Tōno wrote "Forbidden Tale" after the death of someone close to her. Atsumi had told Tōno that she wanted a song with a lot of progression. Drummer Akane Hirose said she didn't want to make it sound too cluttered by putting too many notes in it. Bassist Misa tried to keep the song sounding simple.
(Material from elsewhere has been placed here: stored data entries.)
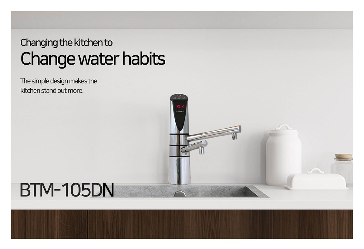 One-Touch Selection Convenient touch-screen technology operation is represented as icons for one-touch selection of the desired ionized water on the control panel of the main body. |
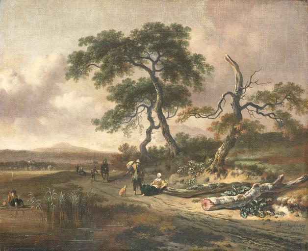 Keywords: Jan Wijnants - Landschap met marskramer en rustende vrouw.jpg Artwork Q17342421 creator Jan Wijnants title Landscape with pedlar and resting woman Landschap met marskramer en rustende vrouw 1669 oil canvas cm 29 5 35 Rijksmuseum object history ProvenanceEvent 1885-06-30 loan LangSwitch das the au het Rijksmuseum Amsterdam LangSwitch die Stadt Amsterdam the city of Amsterdam la ville d ™Amsterdam de Stad Amsterdam www rijksmuseum nl http //www rijksmuseum nl/ lang en Home https //www rijksmuseum nl/collectie/SK-C-277 Info https //www rijksmuseum nl/assetimage2 jsp id SK-C-277 Pic SK-C-277 Other versions PD-old-100 ImageNote 1 1046 843 128 50 1177 960 2 J Wijnants / 1669 signature / date ImageNoteEnd 1 Pedlars in art 1669 Jan Wijnants 1669 Paintings by Jan Wijnants in the Rijksmuseum Amsterdam 1669 1660s landscape paintings |
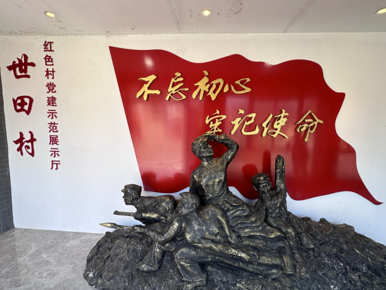 同学们跟随着讲解员的脚步,先后参观了红色文化走廊、红十一军纪念碑广场、红色文化展示厅等。通过聆听讲解员的讲解和观看图片、文字以及物件,大家全面地了解到了世田村的革命故事和英雄典范,这些历史资料对于党员们的党史学习具有非常重要的意义。
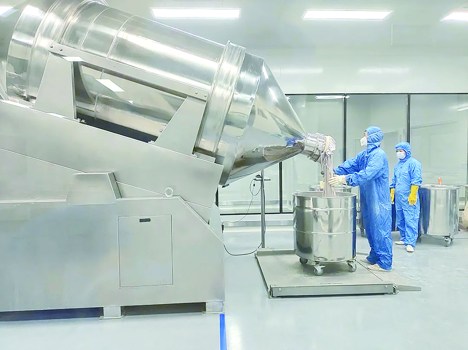 临时代理“排长”的河东制剂车间压片班长奉颖(前方左侧)
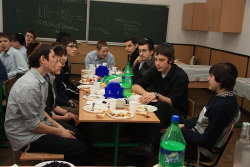 В старшей группе иешивы-ктана большой праздничный фарбренген был организован в столовой в истинно хасидском духе с участием ведущих преподавателей, которые порадовали ребят увлекательными и волшебными историями, сипурами и майсами.
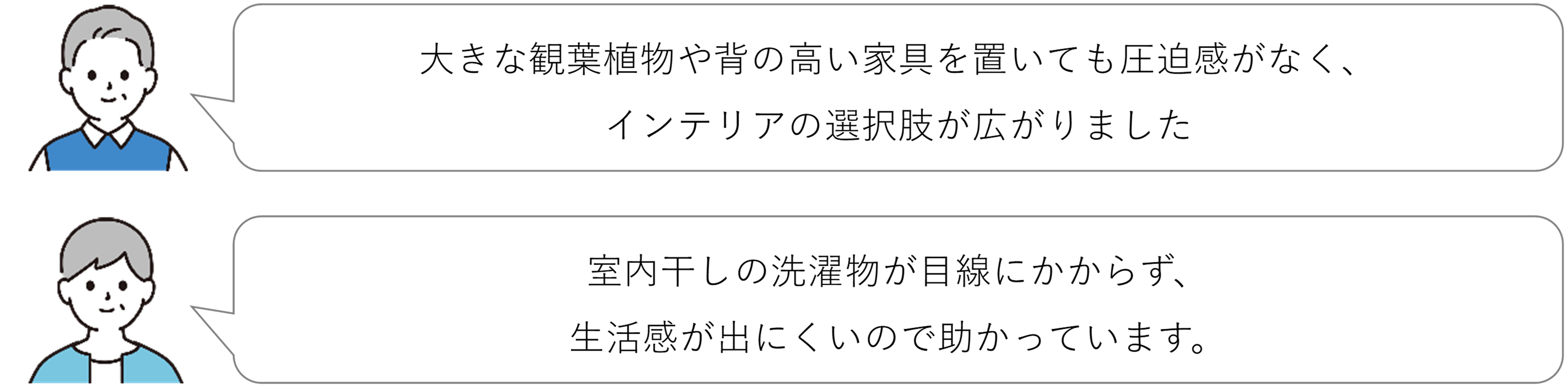 自由回答からは、空間が広く感じるという視覚的なメリットだけでなく、日々の過ごし方や気持ちの変化が見えてきました。実際に寄せられたオーナーさまの声をご紹介します。
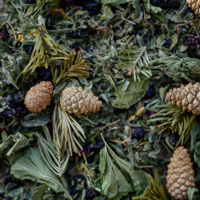 | Состав | жимолость, курильский чай, лист чёрной смородины, пихтовая лапка, сосновая шишка, черника |

Kobato tried to make "Brightest Star" sound like a call-and-response exercise with the audience. When Tōno showed Kobato the demo of the song, she imagined a very poppy song, but wanted to include darker lyrics, and tried to express the feelings of both sides of humanity through her singing. Kobato included the English phrase "I'm game" after reading it in a book. Tōno wrote the guitar solo for both her and Kobato to play together, and tried to emulate the sound of a harmonica.

Tōno wrote "Letters to You" to appeal to people who like Band-Maid's poppier songs. Atusmi wrote the lyrics with the idea that you will never forget the people you have lost and will always think of them. "The One" was originally written by Tōno with idea of being performed at Yokohama Arena. Kobato rewrote the lyrics three times, with the image of thinking of someone important in mind. "Memorable" is a ballad written during their 2022 North American tour. "Go Easy" was written around the time the previous EP, Unleash, was being written. Tōno wanted to write a song that would get live audiences excited right from the introduction.

For "Toi et moi", Tōno wanted to write a riff that would pull the listener in, and that would also sound like a typical Band-Maid riff. Tōno intentionally kept the song short in length. Kobato said she couldn't find a title in English that worked, so she chose one in French because she felt that French people express themselves clearly through their movies.

For "Tamaya!" Atsumi wrote the lyrics with the idea of having twin vocals, and wanted to feature Kobato's vocals in the forefront of the mix. "Get to the Top" was the last song written for the album. When the album was almost completed, Atsumi approached Tōno with the idea of including an instrumental song.

==Track listing==
All music written by Band-Maid, except where noted.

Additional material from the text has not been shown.